Tim Burton's Superman Would Have Been Alienated, In Therapy

Out this weekend is the thriller Nightcrawler, starring Jake Gyllenhaal, as a seedy antihero who documents dark happenings in the steets of Los Angeles. The critically-acclaimed film marks the directing debut for Dan Gilroy, who has also written Real Steel and The Bourne Legacy. But making the press rounds leading up to Nightcrawler, Gilroy has dished on a less successful project he worked on: Tim Burton's doomed Superman Lives project, that would have seen Nicolas Cage as Superman, Chris Rock as Jimmy Olsen, and Lex Luthor uncovering Kal-El's alien ship.
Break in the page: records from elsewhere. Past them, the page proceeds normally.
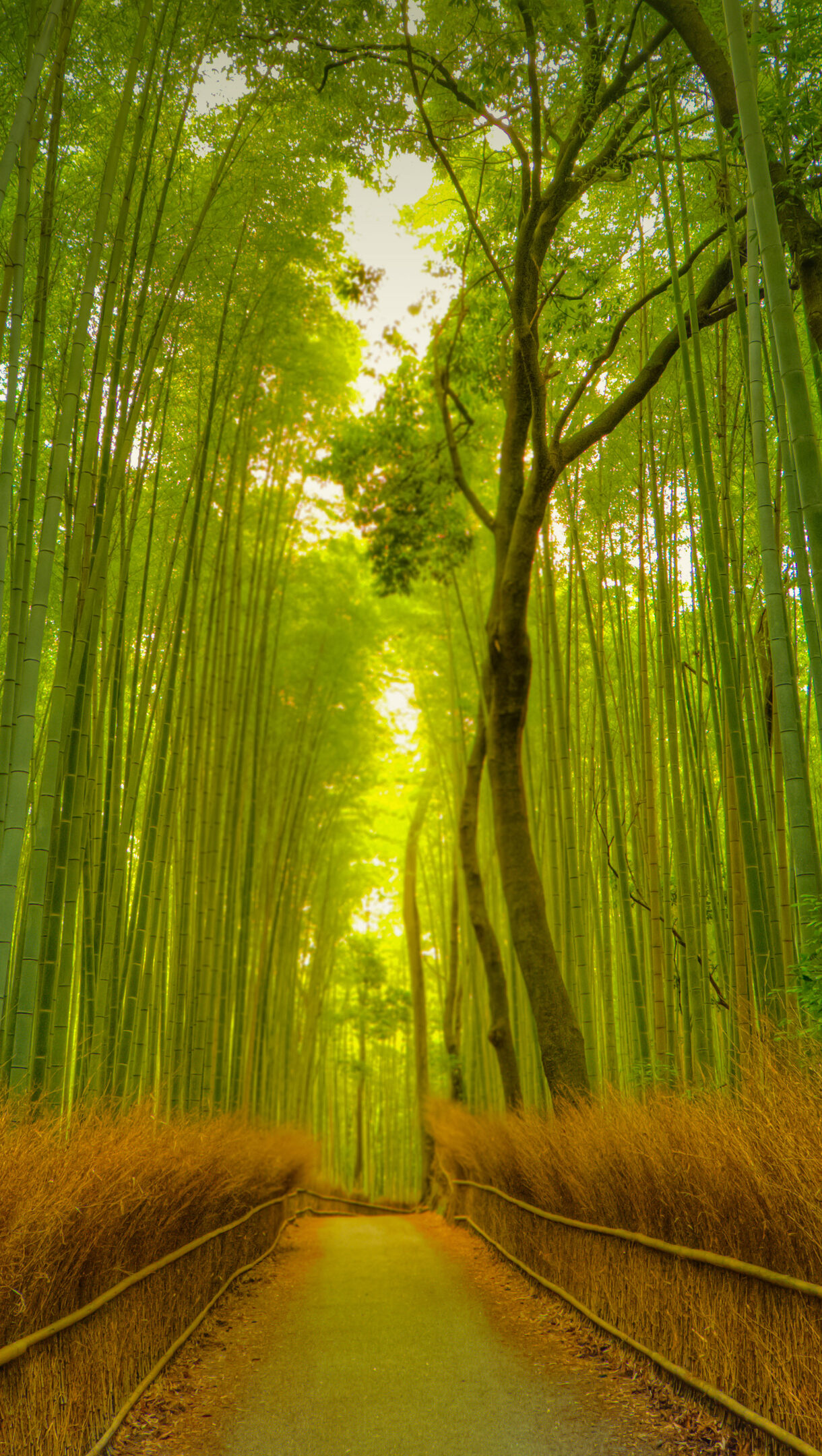A breathtaking 4K wallpaper showcasing the iconic Arashiyama Bamboo Grove in Kyoto, Japan, with a winding footpath leading through its towering green stalks. Sunlight streams through the dense canopy, illuminating the path and casting an ethereal glow over the vibrant bamboo and rustic dried bamboo fences.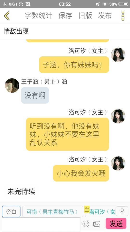 王子涵(男主)涵呃..我不想跟你说话
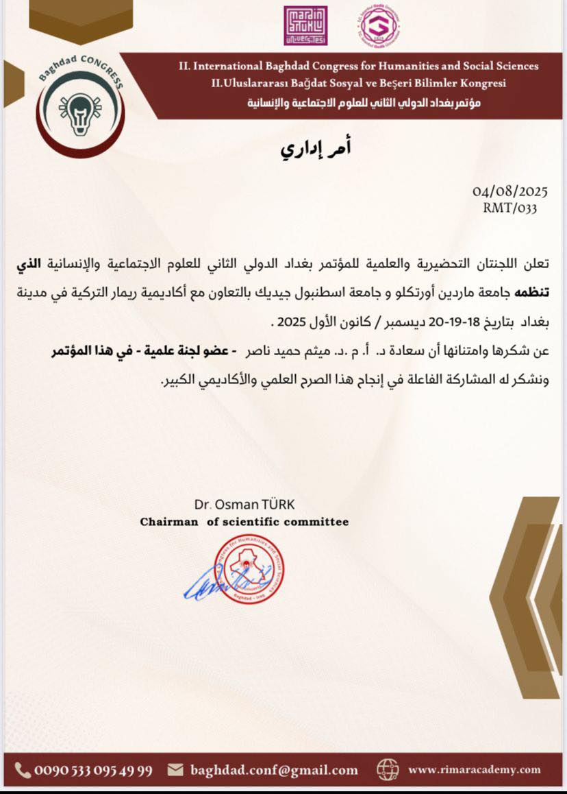 اختارت اللجنة التحضيرية والعلمية لمؤتمر بغداد الدولي الثاني للعلوم الاجتماعية والانسانية الاستاذ المساعد الدكتور ميثم حميد ناصر، التدريسي في كلية العلوم السياسية بجامعة النهرين، عضوا في اللجنة العلمية للمؤتمر الذي من المؤمل ان يعقد في بغداد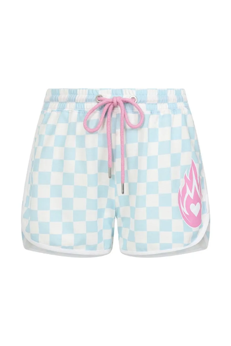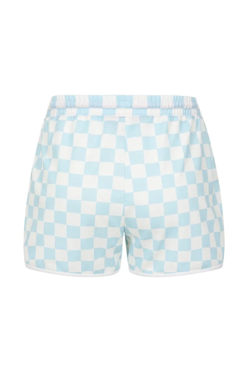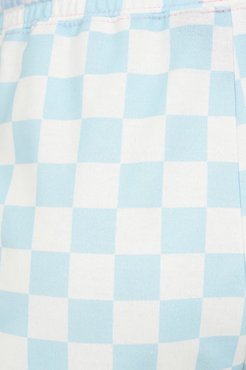 - Blue & white check shorts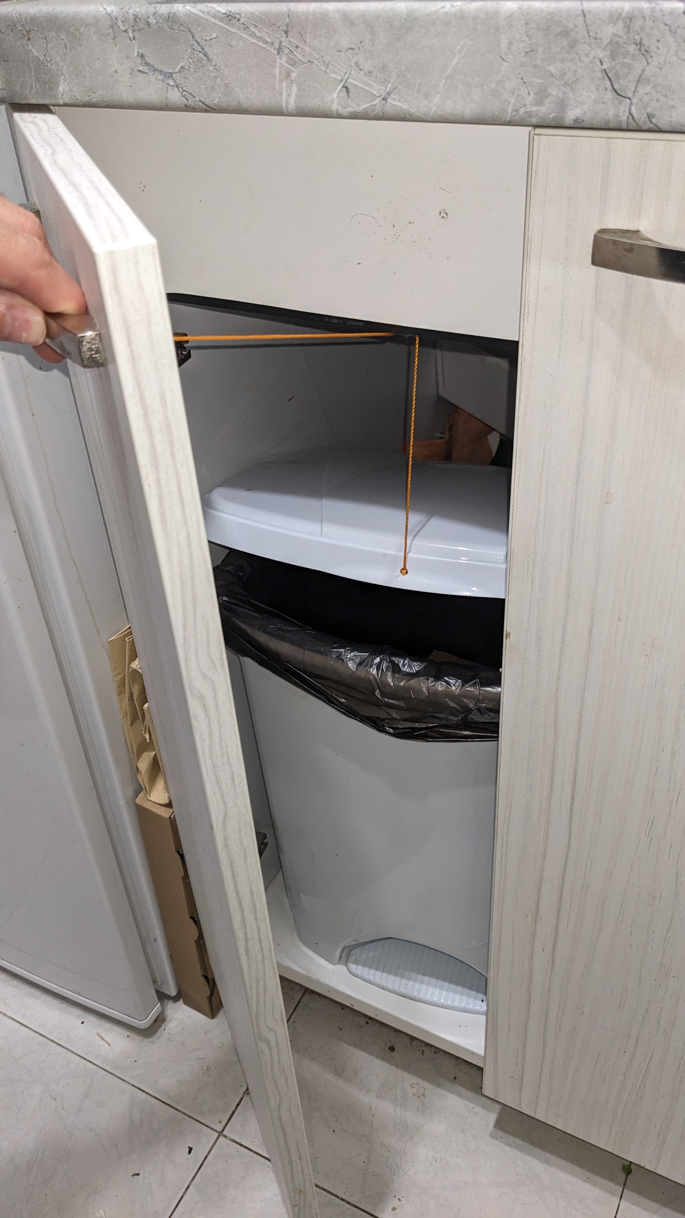 Mô hình đơn giản giúp tự động mở nắp thùng rác khi bạn mở cửa tủ.

Gilroy wrote the final version of the Superman Lives script -- following Kevin Smith's version and a draft by Wesley Strick -- and he talked to Indiewire about working on Burton's supremely-alienated take on Superman that would seen the Kryptonian in therapy:

"I was very much taken by Tim's approach, which was that Kal-El was not told by Jor-El, before he got put in the little spaceship, who he was or where he came from. So poor little Kal-El, when he winds up on earth, he has no freaking idea where he came from," said Gilroy. "His biggest fear is that he's an alien. Our Superman was in therapy at the beginning of the film. He's in a relationship with Lois Lane and he can't commit. Or he was maybe in couple's therapy. But he can't commit because he doesn't know who he is or what is going on with him. He's hoping that he has some physiological condition that gives him these powers but that he's still human."
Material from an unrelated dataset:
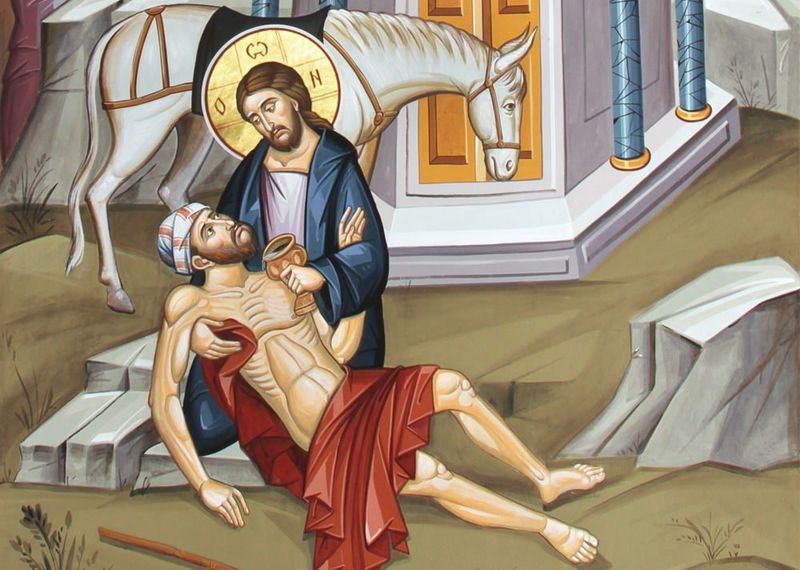 În Duminica a 25-a după Rusalii; Ap. Efeseni 4, 1-7; Ev. Luca 10, 25-37 (Pilda samarineanului milostiv), Evanghelia care se citeşte la Sfânta şi Dumnezeiasca Liturghie în Casa Dumnezeului Atotputernic, ne aduce înaintea ochilor minţii şi a simţirii sufletului nostru, una dintre cele mai frumoase şi mai pilduitoare parabole rostite de către Mântuitorul Iisus Hristos, cunoscută sub numele de «Pilda samarineanului milostiv», tocmai pentru a fi citită înainte de Postul Naşterii Domnului care începe la 15 noiembrie şi care ne învaţă că orice om aflat în primejdie, trebuie sprijinit şi ajutat, fără a ţine cont de diferenţele etnice, religioase, sociale sau de altă natură, pentru că în acest fel, ni se dezvăluie şi taina mântuirii neamului omenesc, în Iisus Hristos, Fiul Lui Dumnezeu, Cel ce a coborât din ceruri şi S-a făcut Om, pentru ca pe oameni să-i mântuiască de păcat şi de moarte, dăruindu-le o viaţă veşnică! Din comentariile patristice, reţinem faptul că samarineanul Îl reprezintă pe Mântuitorul Hristos, cel căzut între tâlhari întruchipează omenirea pandemică şi apăsată de marea cădere în păcat, Ierusalimul simbolizează Raiul Ceresc, Ierihonul este lumea pământească şi trecătoare, cu tâlharii-diavoli care îl atacă neîncetat pe om, rănile celui căzut între tâlhari sunt păcatele pentru care suferim şi în pandemie, preotul şi levitul reprezintă Legea, casa de oaspeţi este Biserica primitoare, iar ungerea cu untdelemn şi turnarea de vin peste răni constituie «vaccinul» pentru vindecarea oamenilor de boala păcatului şi care înseamnă «tratamentul» prin Botez şi Împărtăşirea cu Trupul şi cu Sângele Domnului Hristos. Iar nădejdea că Bunul Samarinean se va întoarce, nu exprimă decât revenirea Domnului nostru spre judecarea întregului neam omenesc! Cu siguranţă, cei doi dinari simbolizează Vechiul şi Noul Testament, dar şi cele două porunci ale iubirii de Dumnezeu şi de aproapele, pentru a ne descoperi că rugăciunea şi milostenia ne ajută să devenim, după viaţa pământească, moştenitori ai Împărăţiei Cerurilor. În final, să mai reţinem că într-un fel, coborârea de la Ierusalim la Ierihon înseamnă înstrăinarea omului de Dumnezeu sau secularizarea, prin căderea în păcat, că omul căzut în mâinile tâlharilor şi lăsat aproape mort la marginea drumului reprezintă neamul omenesc, care din cauza păcatelor cade în multe patimi şi destrăbălări, când ajunge aproape mort sufleteşte, iar, o ridicare mântuitoare din această stare o face Domnul Iisus Hristos, deci, Samarineanul, pentru că preoţii şi leviţii Vechiului Testament erau neputincioşi în a-i oferi omului harul mântuitor. Dacă Samarineanul este considerat de către iudei un străin, fiindcă nu au văzut în El pe Mesia cel vestit de profeţi, acum, El ne îndeamnă spre milostenie şi vindecă rănile omului, care au fost produse de patimi şi de păcate, pentru că Domnul Hristos iubeşte fără limite şi nu pune graniţe în iubire, ca un Dumnezeu Care ne dezvăluie dimensiunea Iubirii proniatoare şi fără margini, în spaţiu şi în timp, împărtăşindu-ne din lumina cea neînserată a Dumnezeirii Sale!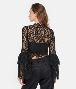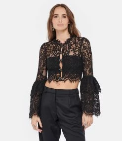 Top court noir en dentelle de coton. Manches longues larges avec volants au bout. Col rond. Fermeture boutonnée sur le devant. Gros boutons effet diamant noir et argenté. Doublé au niveau de la poitrine.

Gilroy also revealed that Kal-El's spacecraft would be uncovered by Lex Luthor, forcing Kal to realize he is an alien. "It was all about the psychological trauma of it."
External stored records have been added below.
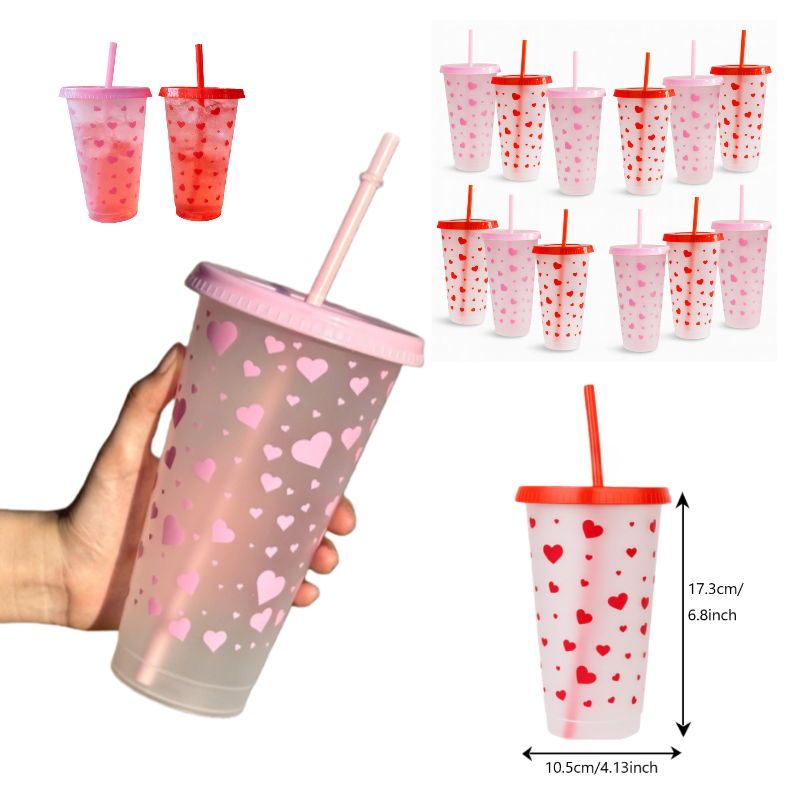 Valentine's Day Love Heart Plastic Cups with Lids Straws 24oz Reusable Tumbler for Birthday Wedding Bridal Shower Party Supplies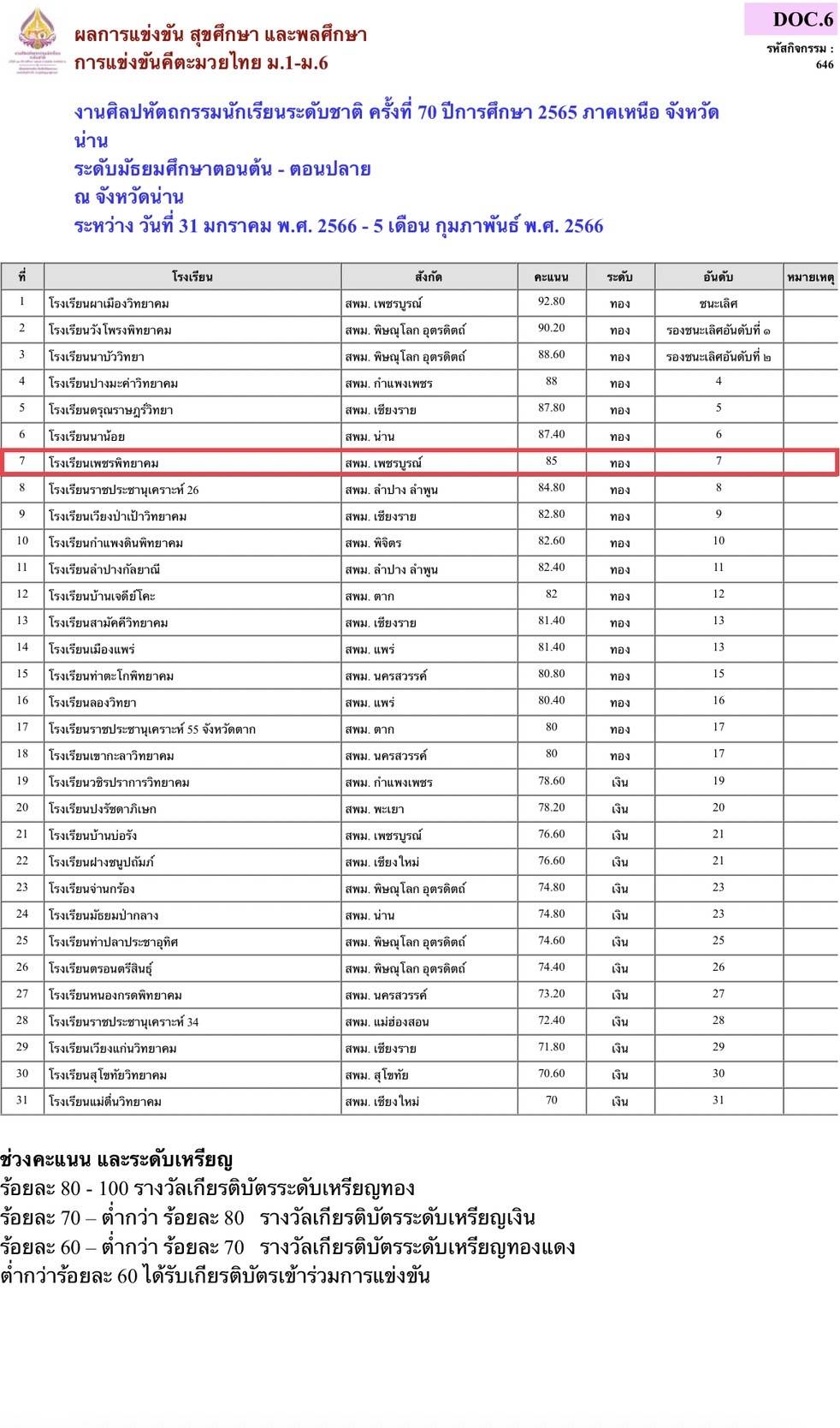 โรงเรียนเพชรพิทยาคม สพม.เพชรบูรณ์ รับรางวัลเหรียญทอง การแข่งขันคีตะมวยไทย ม.1-ม.6 งานศิลปหัตถกรรมนักเรียนระดับชาติ ครั้งที่ 70 ปีการศึกษา 2565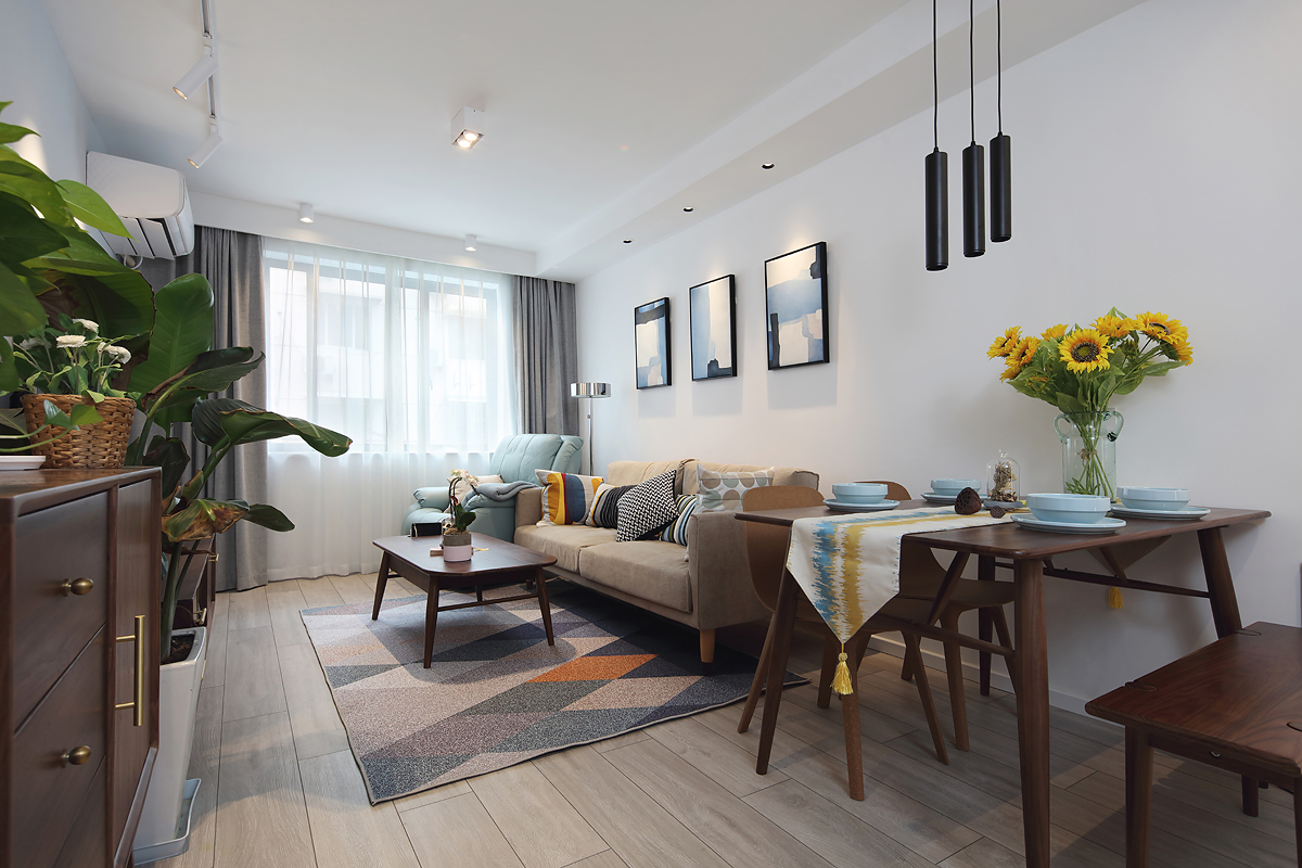 設計師根據具體戶型,打造了這樣一套現代簡約風的方案,活潑輕快,同時又帶點復古的優雅,在暖光的映襯下十分舒適溫馨。

Warner Bros. killed Superman Lives before shooting began, and in earlier interview with Collider, Gillroy revealed just how close it came to being filmed.

"They built tens of millions of dollars of sets.  When they pulled plug, this was very far along.  The day they pulled the plug, I went out to the valley where the production facility was, and I walked through a building with several hundred people working in it with sketches and set designs.  It was very far along.  We were weeks before shooting," said Gilroy.

Tim Burton's doomed take on Superman is also the focus of a documentary Kickstarted by director Jon Schnepp (Venture Bros., Metalocalypse). The Death Of Superman Lives: What Happened? is set to be released early 2015, and features Tim Burton, Kevin Smith, Grant Morrison and artist Liam Sharp.